Given records:
-- -- --

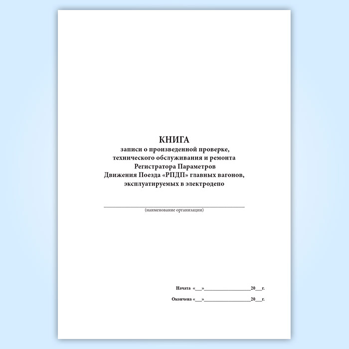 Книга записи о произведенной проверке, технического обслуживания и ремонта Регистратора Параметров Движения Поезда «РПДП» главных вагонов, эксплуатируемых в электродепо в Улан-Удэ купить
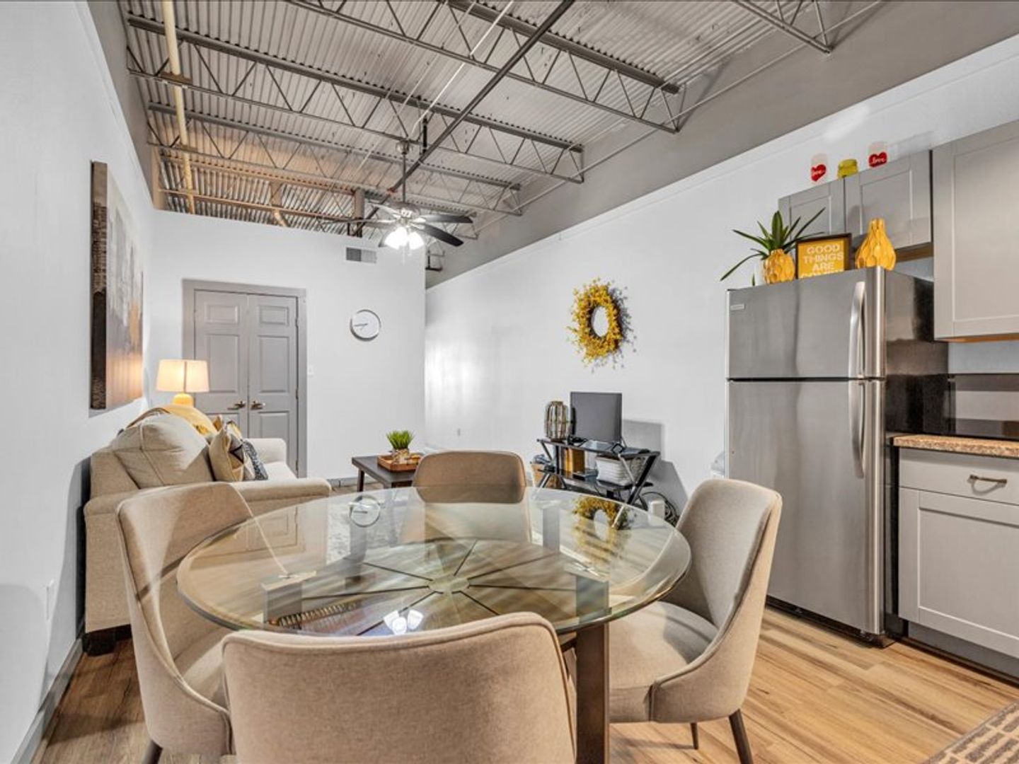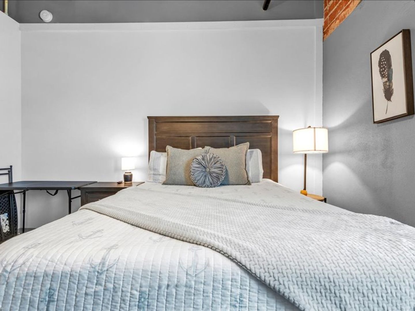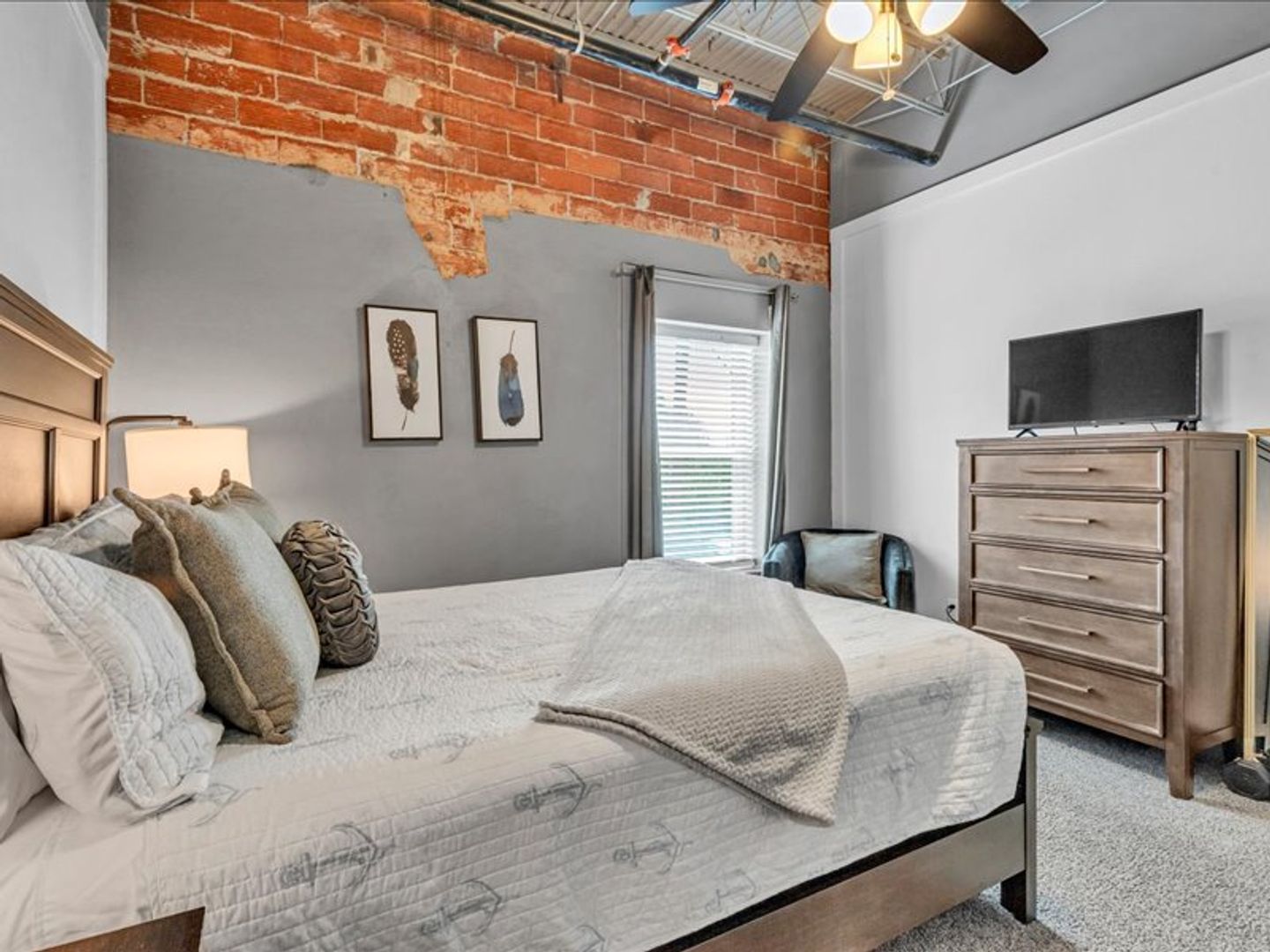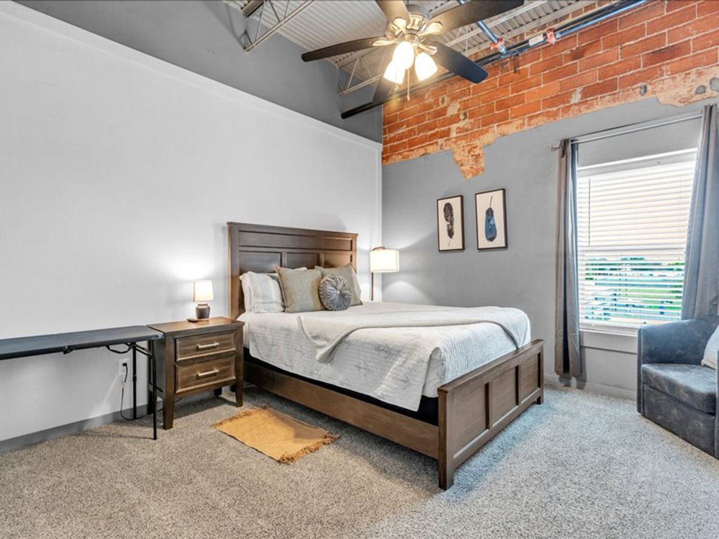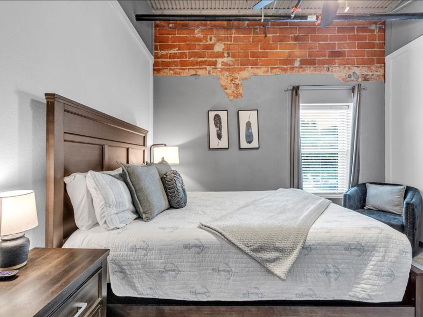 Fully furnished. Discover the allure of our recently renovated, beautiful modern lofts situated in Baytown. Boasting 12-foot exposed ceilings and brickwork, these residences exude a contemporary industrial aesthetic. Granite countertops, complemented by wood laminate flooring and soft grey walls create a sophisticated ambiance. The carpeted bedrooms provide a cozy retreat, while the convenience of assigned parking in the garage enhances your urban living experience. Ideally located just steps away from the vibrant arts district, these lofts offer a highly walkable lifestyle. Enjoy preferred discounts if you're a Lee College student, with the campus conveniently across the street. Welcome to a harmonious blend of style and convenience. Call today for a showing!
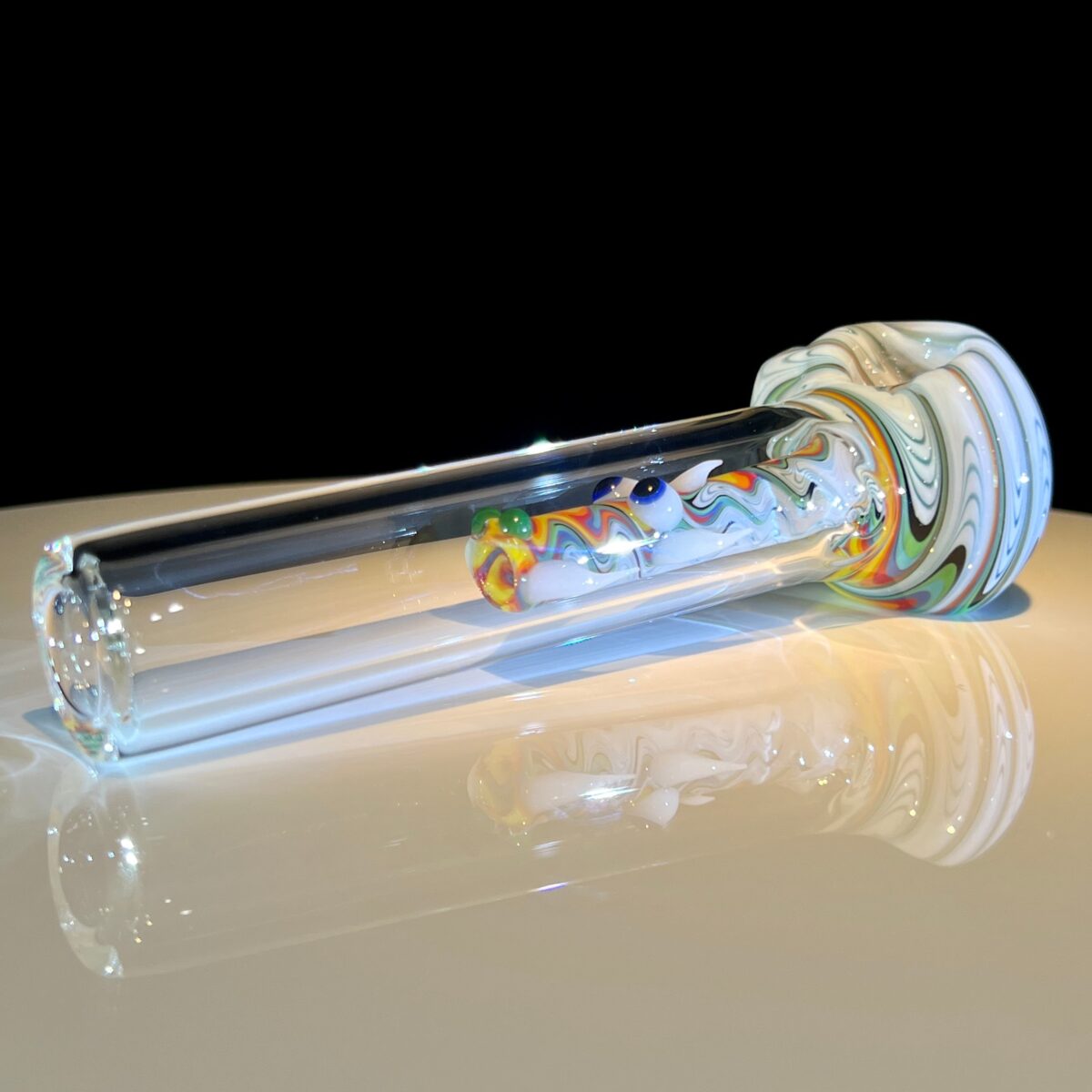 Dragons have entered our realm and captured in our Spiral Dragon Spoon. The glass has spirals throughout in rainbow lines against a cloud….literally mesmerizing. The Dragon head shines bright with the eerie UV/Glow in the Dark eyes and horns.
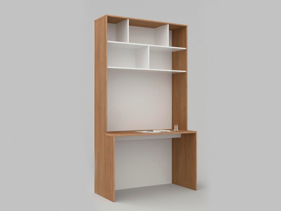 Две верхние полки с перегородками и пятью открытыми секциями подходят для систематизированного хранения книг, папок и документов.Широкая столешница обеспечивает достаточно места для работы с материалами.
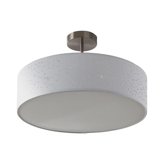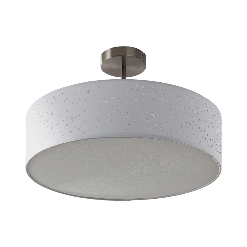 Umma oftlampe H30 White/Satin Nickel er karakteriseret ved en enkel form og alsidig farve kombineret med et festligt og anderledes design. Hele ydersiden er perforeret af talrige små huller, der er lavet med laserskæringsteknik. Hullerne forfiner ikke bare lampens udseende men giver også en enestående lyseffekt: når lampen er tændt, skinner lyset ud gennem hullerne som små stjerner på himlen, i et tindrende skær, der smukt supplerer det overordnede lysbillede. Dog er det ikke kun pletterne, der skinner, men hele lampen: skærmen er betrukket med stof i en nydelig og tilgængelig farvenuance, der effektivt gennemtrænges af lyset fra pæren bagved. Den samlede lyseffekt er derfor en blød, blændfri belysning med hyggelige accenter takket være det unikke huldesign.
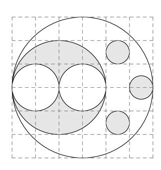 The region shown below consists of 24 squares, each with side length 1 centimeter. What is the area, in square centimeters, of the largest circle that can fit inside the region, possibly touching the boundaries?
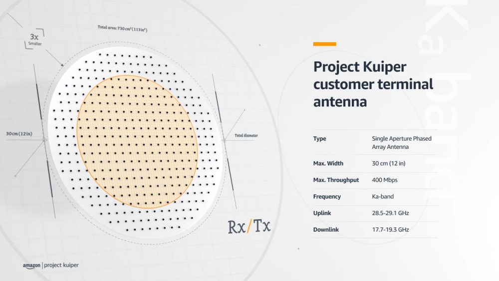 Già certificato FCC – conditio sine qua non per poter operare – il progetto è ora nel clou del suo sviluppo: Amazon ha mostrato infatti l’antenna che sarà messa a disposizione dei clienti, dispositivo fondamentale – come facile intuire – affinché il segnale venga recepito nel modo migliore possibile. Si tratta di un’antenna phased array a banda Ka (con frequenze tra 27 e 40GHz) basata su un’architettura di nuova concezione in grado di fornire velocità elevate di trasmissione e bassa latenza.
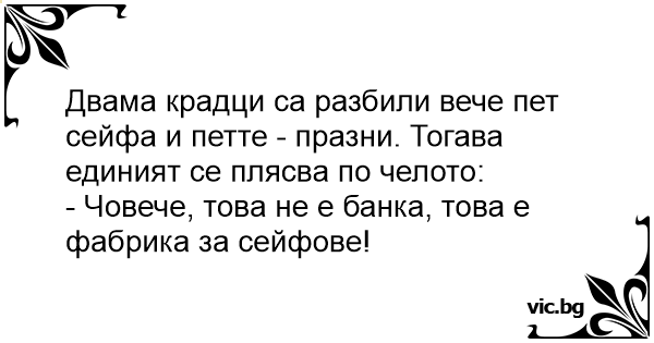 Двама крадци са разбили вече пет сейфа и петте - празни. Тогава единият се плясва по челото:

-- -- --

Would you copy, exactly, each line from the start of the listing above through the line with "Две верхние полки", both ends included, but none of the pictures?

 Книга записи о произведенной проверке, технического обслуживания и ремонта Регистратора Параметров Движения Поезда «РПДП» главных вагонов, эксплуатируемых в электродепо в Улан-Удэ купить
 Fully furnished. Discover the allure of our recently renovated, beautiful modern lofts situated in Baytown. Boasting 12-foot exposed ceilings and brickwork, these residences exude a contemporary industrial aesthetic. Granite countertops, complemented by wood laminate flooring and soft grey walls create a sophisticated ambiance. The carpeted bedrooms provide a cozy retreat, while the convenience of assigned parking in the garage enhances your urban living experience. Ideally located just steps away from the vibrant arts district, these lofts offer a highly walkable lifestyle. Enjoy preferred discounts if you're a Lee College student, with the campus conveniently across the street. Welcome to a harmonious blend of style and convenience. Call today for a showing!
 Dragons have entered our realm and captured in our Spiral Dragon Spoon. The glass has spirals throughout in rainbow lines against a cloud….literally mesmerizing. The Dragon head shines bright with the eerie UV/Glow in the Dark eyes and horns.
 Две верхние полки с перегородками и пятью открытыми секциями подходят для систематизированного хранения книг, папок и документов.Широкая столешница обеспечивает достаточно места для работы с материалами.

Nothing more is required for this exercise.